Au seuil de l’escalier de 40 marches
Jean RODHAIN, "Au seuil de l’escalier des 40 marches", La Croix, février 1961.
Au seuil de l’escalier des 40 marches
Par Jean RODHAIN
Ce paquebot confortable est doté d’un radar qui détecte tout imprévu malgré brume et vent. Il voit dans la nuit. Quelle transformation depuis les navires du XIXe siècle ! Quel progrès depuis les Titanic aveugles d’il y a cinquante ans ! Quelle sécurité pour les touristes joyeux qui dansent dans le salon conditionné ! Tout est prévu pour leur totale sécurité. Tout, sauf cette petite poignée de pirates qui, en un tournemain, placent ces touristes conditionnés dans la condition de vulgaires captifs du temps des grandes barbaries. Et, malgré les radars et l’O.N.U., le paquebot tourne en rond pendant que les touristes confondent cette petite suie qui retombe de la cheminée avec les cendres de leurs grandes illusions radariennes…

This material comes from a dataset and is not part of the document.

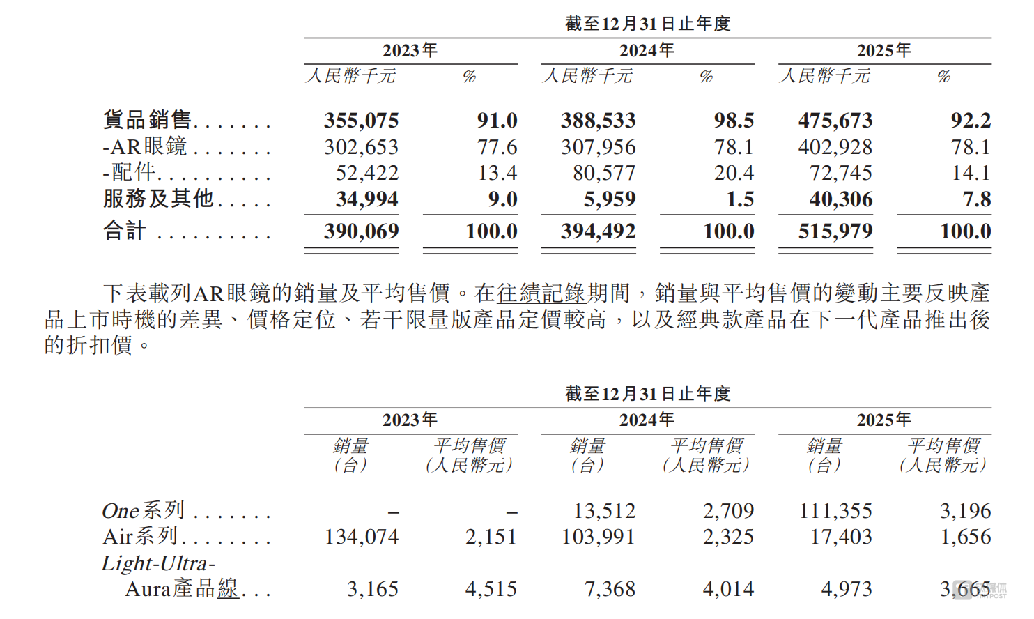 除消费级产品外,XREAL亦向企业客户提供技术开发服务。依托在AR光学、端侧协处理器、硬件工程及系统集成方面的专业能力,支持企业客户针对特定应用场景定制AR相关产品,服务范围包括光学模组设计、硬件开发、软件系统集成及AR应用场景定制。

Cet immense pays jaune entreprit un effort jusqu’ici incomparable. Les villes entières se mirent au labour, les villages entiers se convertirent au travail de l’irrigation. Des femmes jusqu’aux enfants, bien rangés par groupes de cent, s’avancèrent avec la terre en paniers, vers la fourmilière des barrages. Pour les rizières, on aurait désormais l’eau garantie. Tout était prévu. Un pays tout entier poussa un cri de triomphe pour avoir résolu le problème de l’eau. Il manqua la pluie. Car elle n’appartient pas aux hommes. Tout un peuple, hélas ! a faim. Dans ce pays perfectionné, un peuple meurt de faim sur sa terre sèche comme une cendre…
Il vient de prononcer le plus éblouissant des discours à l’Académie des sciences. Il a présenté l’homme à la veille de naviguer dans les astres. Il s’est gardé de toute technique. Il a démontré l’épanouissement total de l’humanité. Il a défini l’équilibre moral enfin atteint par l’homme de ce jour.
Elle est vraiment l’épouse digne de lui : son assurance rayonnante fait de ce ménage un type de réussite. Réussite complétée d’ailleurs par ce grand fils qui a enlevé tous les prix au lycée. On l’a arrêté hier, et c’est le commissaire qui a dû révéler, à lui et à elle, que depuis trois ans ce fils accompli dirigeait personnellement la pillage des villas de la banlieue Est. Et, cependant, humainement, ils avaient tout prévu, elle et lui...
La tour grandissait à vue d’œil, et les chariots tirés par les bœufs bien liés apportaient sans répit les briques de Haran et pour mortier le bitume de Gomorrhe. Certains soirs de pluie, où les nuages traînaient bas dans la vallée de Sennaar, les hommes pouvaient croire que la tour des hommes rejoindrait finalement la terre avec le ciel.
De celle Babel, il reste un petit tas de cendres, avec un texte : « Si le Seigneur n’édifie la maison, c’est en vain que peinent les bâtisseurs. » (Psaume CXXVI, 1.)
Quoi de plus réussi que moi-même ? pensait-il. Et sa vertu était véritable. Et ses efforts étaient authentiques. Et sa persévérance était garantie par trente armées d’ascétisme.
Et ses examens de conscience étaient scrupuleux. Et son bilan spirituel était limpide comme un rapport de commissaire aux comptes. Quoi de plus réussi jusqu’au soir de ce péché inattendu qui lui fit découvrir dans le mea culpa du Confiteor un mot amer à savourer, acide à prononcer. Un mot mille fois prononcé et qui vous brûle tout à coup quand, pour la première fois, il vous réveille dans votre nuit comme le triple cri du coq insolite réveilla Pierre. Un mot qui vous casse en deux quand on découvre pour la première fois combien il vous concerne non pas autour, mais au-dedans et en dedans de soi. Un mot qui vous sort du bilan cependant correct, et de l’examen cependant honnête, pour vous plonger tout vif dans l’implacable acide de l’originel péché. Dans l’acide de cette hérédité dont nous sommes tous rongés sans que jamais nous sachions assez y croire.
Seigneur, j’avais tout prévu, mais si vous ne bâtissez la maison… même les âmes ne seront que cendres.
Il y a vraiment des cendres dispersées sur le seuil du Carême, cet escalier aux 40 marches qui monte vers le porche des Pâques ensoleillées.